Often it is convenient to write the null and alternative hypothesis in mathematical or numerical terms. To do so, we must first identify the quantity of interest. This quantity of interest is known as the parameter for a hypothesis test.

Parameters and point estimates

A parameter for a hypothesis test is the “true” value of the population of interest. When the parameter is a proportion, we call it \(p\text{.}\)

A point estimate is calculated from a sample. When the point estimate is a proportion, we call it \(\hat{p}\text{.}\)

The observed or sample proportion 0f 0.063 is a point estimate for the true proportion. The parameter in this problem is the true proportion of complications for this consultant's clients. The parameter is unknown, but the null hypothesis is that it equals the overall proportion of complications: \(p = 0.10\text{.}\) This hypothesized value is called the null value.

Null value of a hypothesis test

The null value is the value hypothesized for the parameter in \(H_0\text{,}\) and it is sometimes represented with a subscript 0, e.g. \(p_0\) (just like \(H_0\)).

In the medical consultant case study, the parameter is \(p\) and the null value is \(p_0 = 0.10\text{.}\) We can write the null and alternative hypothesis as numerical statements as follows.

  • \(H_0\text{:}\) \(p=0.10\) (The complication rate for the consultant's clients is equal to the US complication rate of 10%.)

  • \(H_A\text{:}\) \(p \neq 0.10\) (The complication rate for the consultant's clients is not equal to the US complication rate of 10%.)

Hypothesis testing

These hypotheses are part of what is called a hypothesis test. A hypothesis test is a statistical technique used to evaluate competing claims using data. Often times, the null hypothesis takes a stance of no difference or no effect. If the null hypothesis and the data notably disagree, then we will reject the null hypothesis in favor of the alternative hypothesis.

Don't worry if you aren't a master of hypothesis testing at the end of this section. We'll discuss these ideas and details many times in this chapter and the two chapters that follow.

The null claim is always framed as an equality: it tells us what quantity we should use for the parameter when carrying out calculations for the hypothesis test. There are three choices for the alternative hypothesis, depending upon whether the researcher is trying to prove that the value of the parameter is greater than, less than, or not equal to the null value.

TIP: Always write the null hypothesis as an equality

We will find it most useful if we always list the null hypothesis as an equality (e.g. \(p = 7\)) while the alternative always uses an inequality (e.g. \(p \neq 0.7\text{,}\) \(p>0.7\text{,}\) or \(p\lt 0.7\)).

According to US census data, in 2013 the percent of male residents in the state of Alaska was 52.4%. 1 A researcher plans to take a random sample of residents from Alaska to test whether or not this is still the case. Write out the hypotheses that the researcher should test in both plain and statistical language.  2 \(H_0\text{:}\) \(p=0.524\text{;}\) The proportion of male residents in Alaska is unchanged from 2012. \(H_A\text{:}\) \(p \neq 0.524\text{;}\) The proportion of male residents in Alaska has changed from 2012. Note that it could have increased or decreased.

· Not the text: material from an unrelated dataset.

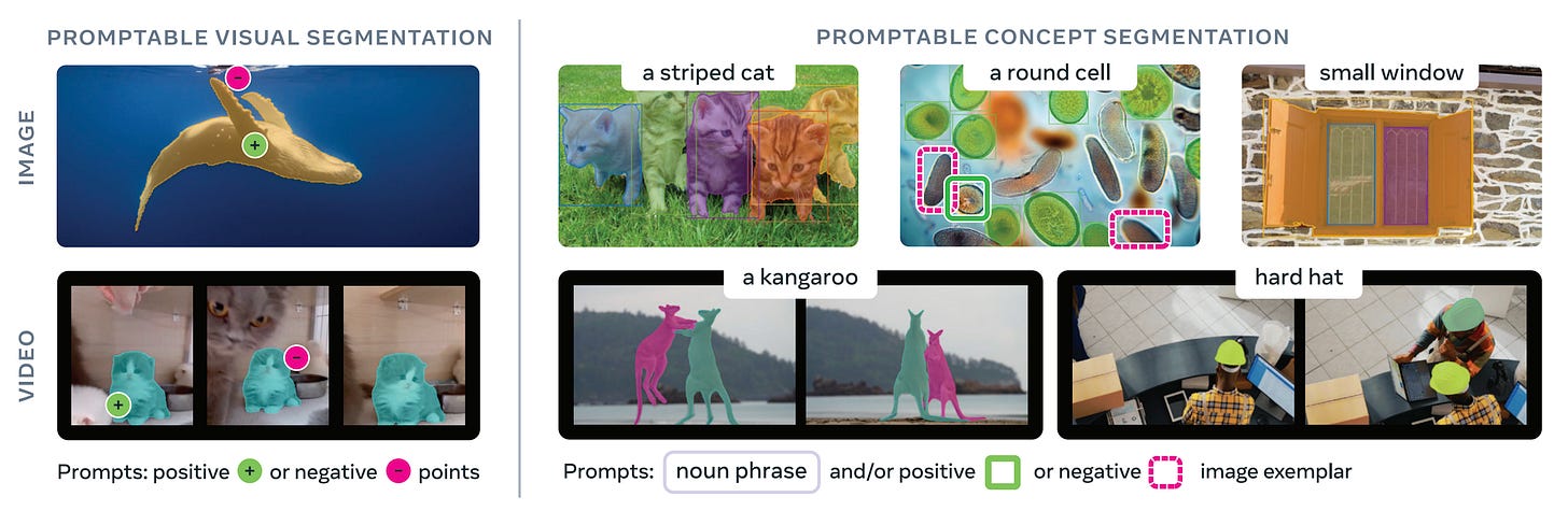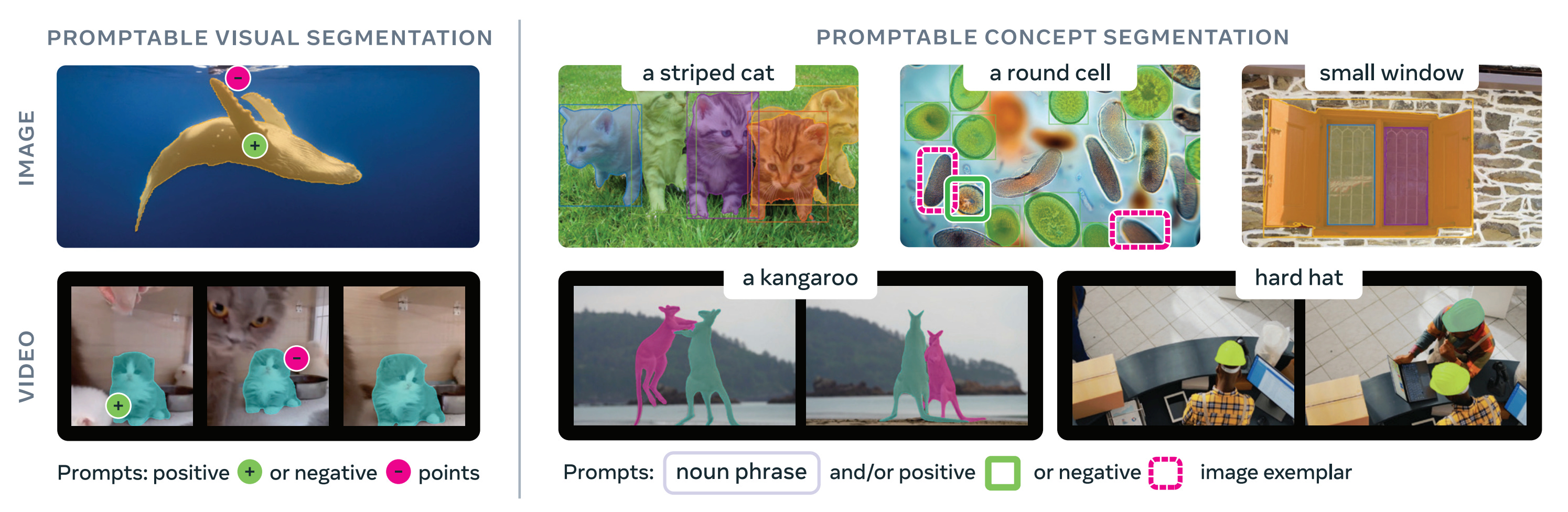 Meta AI introduces SAM 3, a unified model that detects, segments, and tracks objects across images and videos using conceptual prompts like noun phrases or visual examples. This extends the Segment Anything capability to concept-based segmentation through Promptable Concept Segmentation (PCS).

When the alternative claim uses a \(\neq\text{,}\) we call the test a two-sided test, because either extreme provides evidence against \(H_0\text{.}\) When the alternative claim uses a \(\lt\) or a \(>\text{,}\) we call it a one-sided test.

TIP: One-sided and two-sided tests

If the researchers are only interested in showing an increase or a decrease, but not both, use a one-sided test. If the researchers would be interested in any difference from the null value — an increase or decrease — then the test should be two-sided.

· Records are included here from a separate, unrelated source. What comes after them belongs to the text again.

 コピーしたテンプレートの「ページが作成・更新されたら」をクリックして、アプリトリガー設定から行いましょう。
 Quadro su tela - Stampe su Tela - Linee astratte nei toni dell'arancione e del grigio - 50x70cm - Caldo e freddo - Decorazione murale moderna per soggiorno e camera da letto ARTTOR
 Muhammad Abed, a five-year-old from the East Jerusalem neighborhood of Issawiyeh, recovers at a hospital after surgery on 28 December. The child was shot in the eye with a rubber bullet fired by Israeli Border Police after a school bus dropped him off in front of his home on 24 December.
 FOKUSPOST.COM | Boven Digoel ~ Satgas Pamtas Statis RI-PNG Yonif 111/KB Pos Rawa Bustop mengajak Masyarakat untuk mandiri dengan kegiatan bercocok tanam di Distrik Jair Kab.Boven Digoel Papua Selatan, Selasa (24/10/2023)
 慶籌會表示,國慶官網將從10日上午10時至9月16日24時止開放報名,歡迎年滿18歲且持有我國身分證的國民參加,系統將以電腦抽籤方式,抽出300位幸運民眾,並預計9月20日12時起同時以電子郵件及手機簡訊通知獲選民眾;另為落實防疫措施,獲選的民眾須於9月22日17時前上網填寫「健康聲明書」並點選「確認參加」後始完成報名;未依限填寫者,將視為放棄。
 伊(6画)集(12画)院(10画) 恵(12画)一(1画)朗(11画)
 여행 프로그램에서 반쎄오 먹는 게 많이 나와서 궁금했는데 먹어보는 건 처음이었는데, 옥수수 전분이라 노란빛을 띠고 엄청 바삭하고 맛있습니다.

For the example of the consultant's complication rate, we knew that her sample complication rate was 0.063, which was lower than the US complication rate of 0.10. Why did we conduct a two-sided hypothesis test for this setting?

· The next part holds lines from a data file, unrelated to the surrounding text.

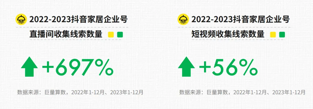 相关数据显示,2022至2023年,家居企业号通过短视频收集线索数量增长697%,直播间收集线索数量增长56%。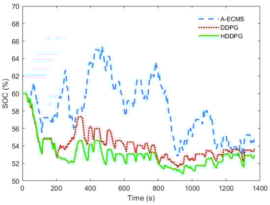 It can be seen from Figure 14 that the HDDPG uses more battery energy than the other two algorithms without actively recharging the battery using the engine often. In Figure 15, it can be seen that A-ECMS uses the electric motor more frequently with larger amplitudes and applies more engine power to recharge the battery, which decreases the overall fuel economy. The HDDPG algorithm achieves a better fuel economy than the other two algorithms by using the electric motor more efficiently. As a result, the battery current for HDDPG shows a smoother profile with lower peaks in Figure 16. In all cases, the final SOC values are within 2% of each other.
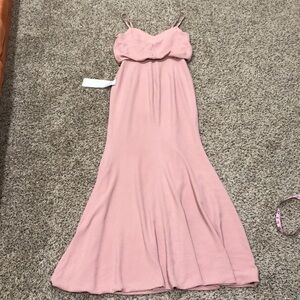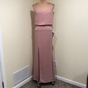 New with tags no flaws. Sleeveless, adjustable spaghetti strap, blouson top, sheath silhouette full length gown with off center thigh high front slit. Blush pink. Zips in back. Slight stretch.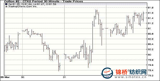 4月1日USDA發(fā)布美棉出口周報(bào),上周陸地棉出口較四周均值高35%,同時(shí)外圍利好,美元大幅走跌,原油走強(qiáng),盤(pán)終5月合約漲95點(diǎn)收于81.50美分。當(dāng)日紐約期棉高開(kāi)高走,外圍經(jīng)濟(jì)數(shù)據(jù)利好,推動(dòng)美元收跌,股市走強(qiáng),美棉出口利好為主要推動(dòng)力,同時(shí)面臨復(fù)活節(jié)假期,因此成交較前日縮量,5月主力合約延續(xù)強(qiáng)勢(shì),中幅收漲。據(jù)美國(guó)農(nóng)業(yè)部公布,3.19-3.25一周美國(guó)凈簽約出口本年度陸地棉47015噸,較前周增1.4倍,較近四周平均值增35%。美國(guó)ISM制造業(yè)指數(shù)創(chuàng)六年來(lái)最大漲幅,同時(shí)中國(guó)制造業(yè)指數(shù)繼續(xù)利好,利好全球股市和大宗商品。 紐約棉花期貨近期1005合約近三個(gè)交易日交易走勢(shì) |
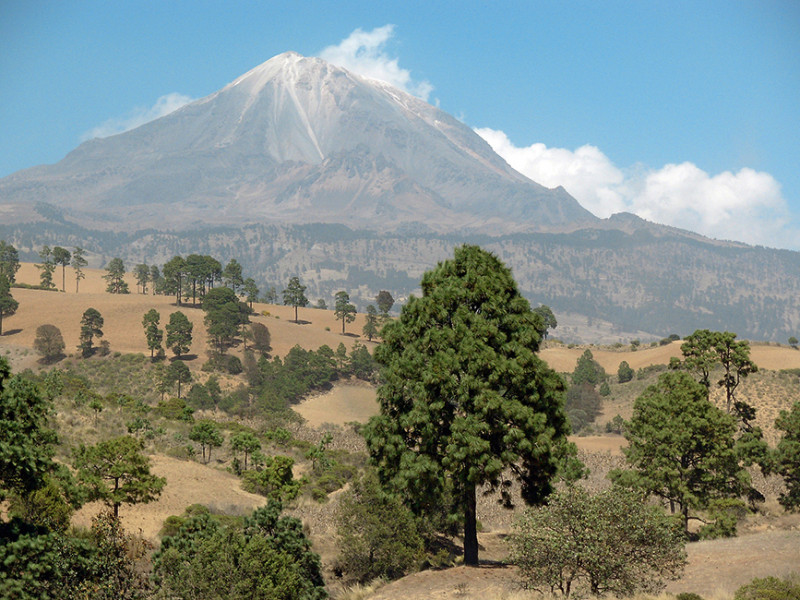 Solitérní strom borovice Montezumovy (Pinus montezumae) v popředí uprostřed a rozvolněné porosty stromů b. Hartwegovy (P. hartwegii) na blízkém i vzdáleném pozadí pod nejvyšší horou Mexika, Pico de Orizaba (Citlaltepetl) v březnu 2007. První z těchto druhů byl Benediktem Roezlem popsán pod 39 a druhý pod 12 platně publikovanými, ale pozdějšími badateli nepřijatými, druhovými jmény v dobré víře, že všechna jména reprezentují samostatné druhy. Foto R. Businský

The setting was framed in the context of the consultant being helpful, but what if the consultant actually performed worse than the US complication rate? Would we care? More than ever! Since we care about a finding in either direction, we should run a two-sided test.

Caution: One-sided hypotheses are allowed only before seeing data

After observing data, it is tempting to turn a two-sided test into a one-sided test. Avoid this temptation. Hypotheses must be set up before observing the data. If they are not, the test must be two-sided.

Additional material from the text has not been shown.